Среди булыжника оцепенели
Узорная турецкая плита
И угол византийской капители.
Каких последов в этой почве нет
Для археолога и нумизмата,
От римских блях и эллинских монет
До пуговицы русского солдата, —

писал о Феодосии Максимилиан Волошин. Он этим летом жил рядом с нами в своем Коктебеле. Большой поэт, прозорливец, имевший мужество в своих стихах говорить неприкрашенную апокалиптическую правду об ужасах, происходящих вокруг. В борьбе белых и красных он старался быть беспристрастным.

А я стою один меж них
В ужасном пламени и дыме,
И всеми силами своими
Молюсь за тех и за других, —

писал он в 1920 году.

Он не уехал из Крыма и не покинул Россию. Умер, как это ни странно, несмотря на все им написанное и говоренное, своей смертью в 1932 году (страшный год небывалого голода на Украине) на койке феодосиевского госпиталя.

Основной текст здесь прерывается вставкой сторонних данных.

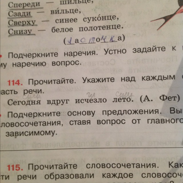 сегодня -наречие( или существ ) вдруг-наречие, исчезло глагол, лето -существительное.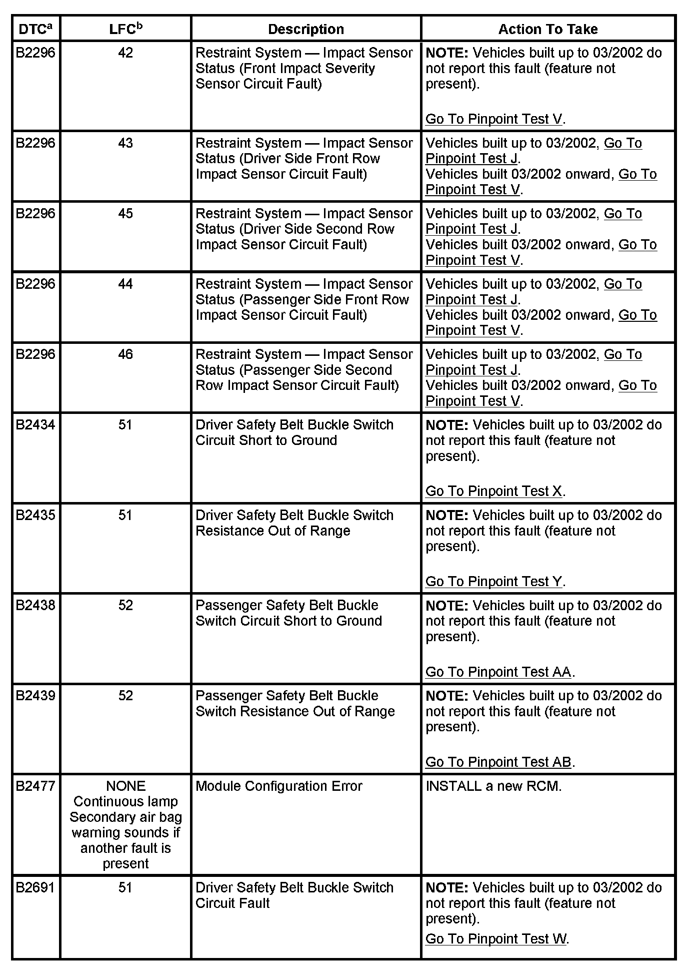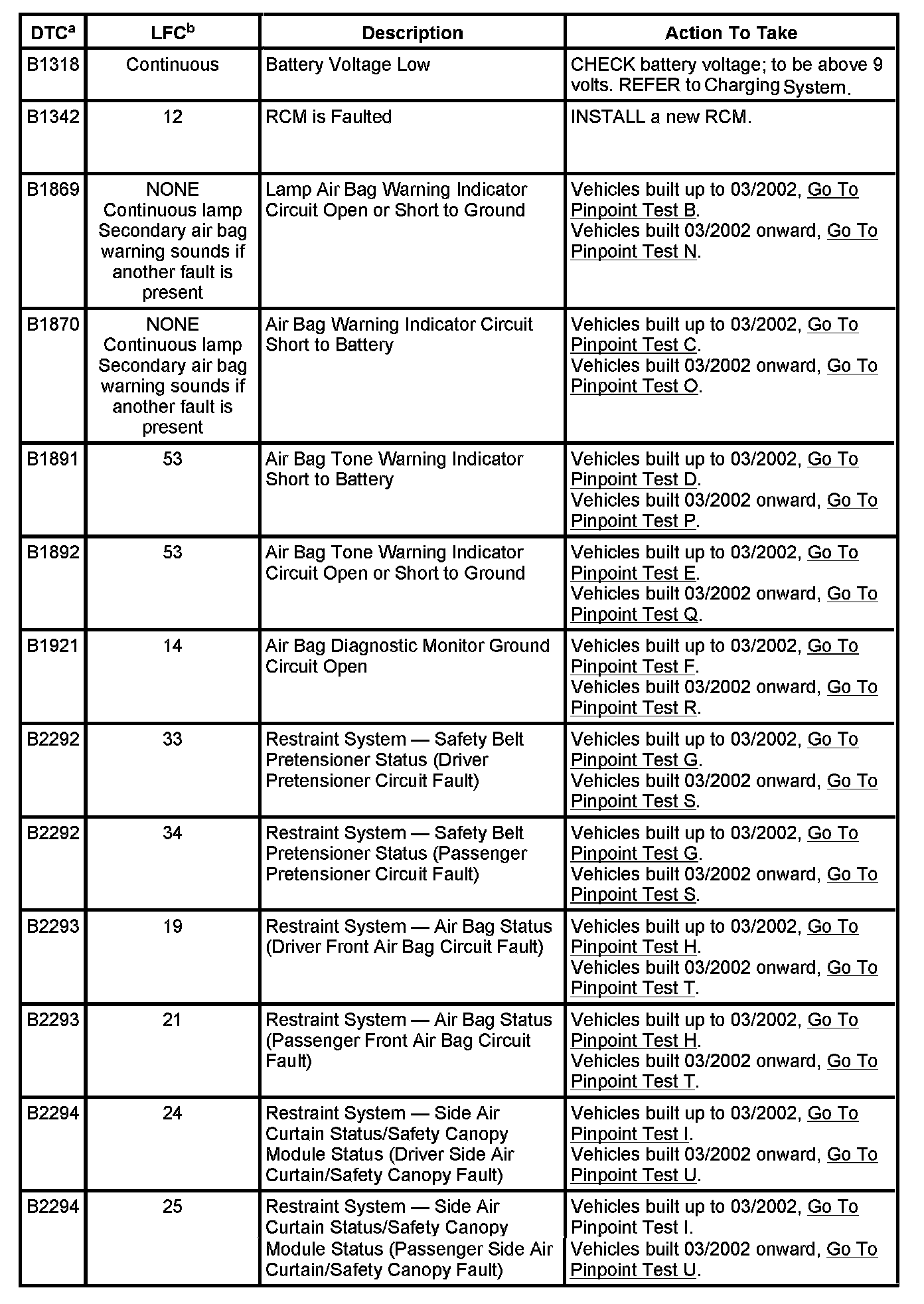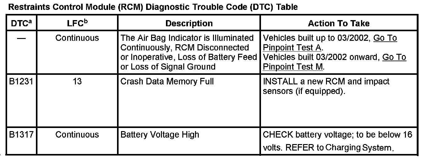 While the lamp fault codes (LFCs) are an indication of a general concern in the passive restraints system, the diagnostic trouble codes (DTCs) are more specific. The DTCs can be retrieved from the restraints control module (RCM) with a scan tool via the data link connector (DLC).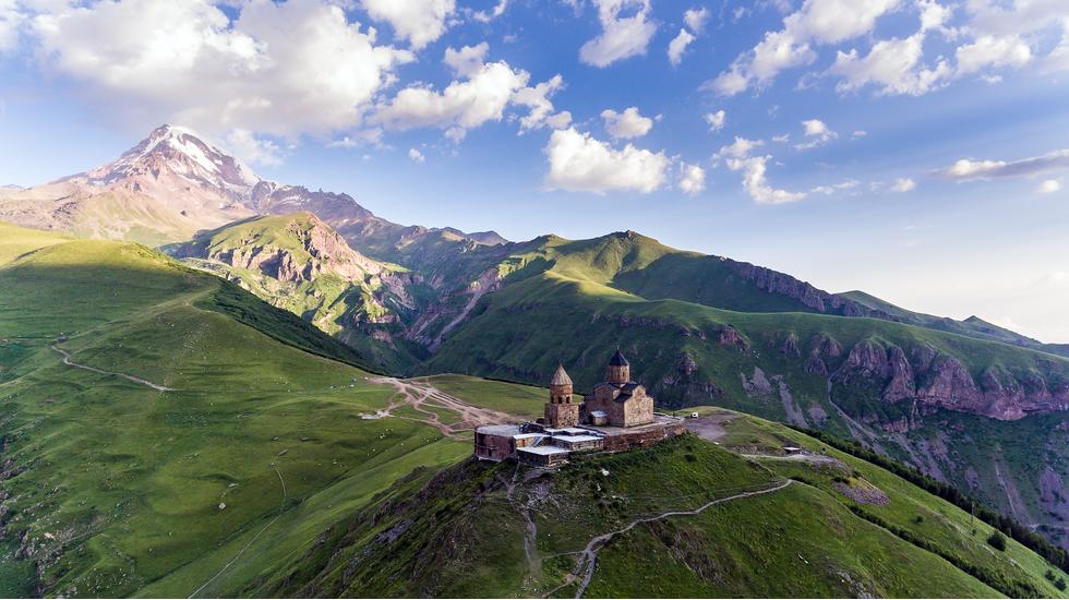 As we re-joined the road and ascended, green gave way to vast swathes of snow and spectacular mountain views. The route to Kazbegi is a storied one: the Georgian Military Road connects Georgia with Russia and is the path that has been taken by traders and invaders alike. Just beyond the rim of the Higher Caucasus lies the occupied region of South Ossetia, while the spectre of Chechyna looms beyond the nearby border. There's a palpable sense that this isn't the average holiday spot, which in turn brings its own inimitable thrill.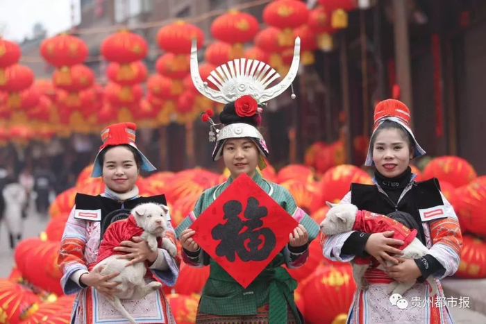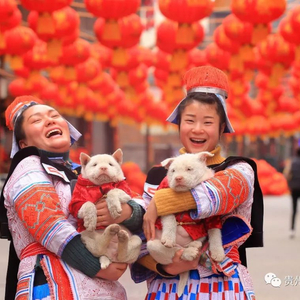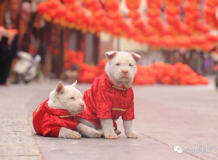 2月11日,下司古镇的苗族同胞给下司幼犬穿上喜庆的大红春节服,犹如萌娃一般的打扮让人们在狗年即将到来时感受到了一波“旺气”。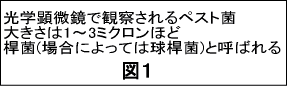 この病気の病原体は(図1)、大きさ1?3ミクロンほどの細菌で、日本人の北里柴三郎とフランスのアレキサンドル・エルサンがほぼ同時期(1894年)に発見したとされています。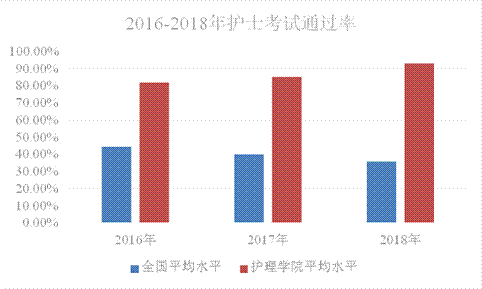 (4)2018年,建成了护士执业资格考证模拟题库,实现校内考试与全国护考的无缝对接。近三年护考过关率呈逐渐递增的趋势。(图10)。

Если говорить о поэтах, то я хотел бы упомянуть еще о двух, оказавшихся тем летом в Феодосии. Осип Мандельштам, он в те годы скорее примыкал к большевикам, и по какой-то трагической для него ошибке, радовался их победам и ожидал их прихода. Он даже за это был добровольцами арестован, но, отсидев несколько дней, был выпущен на свободу. Много позднее он опять был арестован, но теперь уже большевиками. Эти его не выпустили, а запрятали в один из многочисленных концлагерей, где он, несчастный, и погиб.

Второй — Илья Эренбург. Он тоже в то время, спасаясь от большевиков, оказался в Феодосии. В те годы он был антикоммунистом и, подражая Волошину, писал стихи о «Святой Руси». (Этих стихов вы, конечно, не найдете в полном собрании его сочинений, вышедшем в СССР.) Вместе с Добровольческой армией он эвакуировался из Крыма. Испробовав в Берлине полуголодную жизнь эмигрантского писателя, он, как это тогда называлось, «сменил вехи», т. е. вернулся с повинной в Советский Союз. Дальнейшая судьба его всем известна. Справедливости ради, надо все-таки отметить, что у него в Советском Союзе бывали как бы приступы угрызения совести и он иногда бывал либеральней, чем это требовалось от советского писателя.

Все это к моей жизни в Феодосии прямого отношения не имеет. Тогда я поэтами не интересовался и читать стихи считал ниже своего достоинства. Знакомых у меня в Феодосии не было, за исключением семьи нашего полкового адъютанта. Она ютилась в товарном вагоне на станции, на комнату в городе средств не было. Они очень нуждались, ведь семьи белых офицеров были совершенно необеспечены. И тем не менее, зная, что нас плохо кормят и что я всегда голодный, у них неизменно находился лишний кусок чего-нибудь, чтобы угостить меня.

В городе было кино, был цирк, как тогда казалось, очень хороший. Да он, наверное, и был хорошим: страх перед большевиками и цирковых артистов загнал в Крым. Поговаривали, что они собираются выехать за границу. Для нас было громадным удовольствием сходить в цирк или кино. Но для этого нужны были деньги, а у нас они водились редко. Выручала «толкучка», ставшая в те годы местом, где можно было все продать, но далеко не все купить. Туда мы несли и продавали за бесценок часто самые необходимые вещи из нашего скромного гардероба, по легкомыслию молодости совершенно не думая о том, что мы будем делать без них завтра. После «сделки» там же можно было полакомиться жирными чебуреками, которые татары тут же жарили на своих мангалах. Здесь я впервые попробовал жареную кукурузу, так называемый американский «popcorn». Он жарился на больших сковородах прямо на улице.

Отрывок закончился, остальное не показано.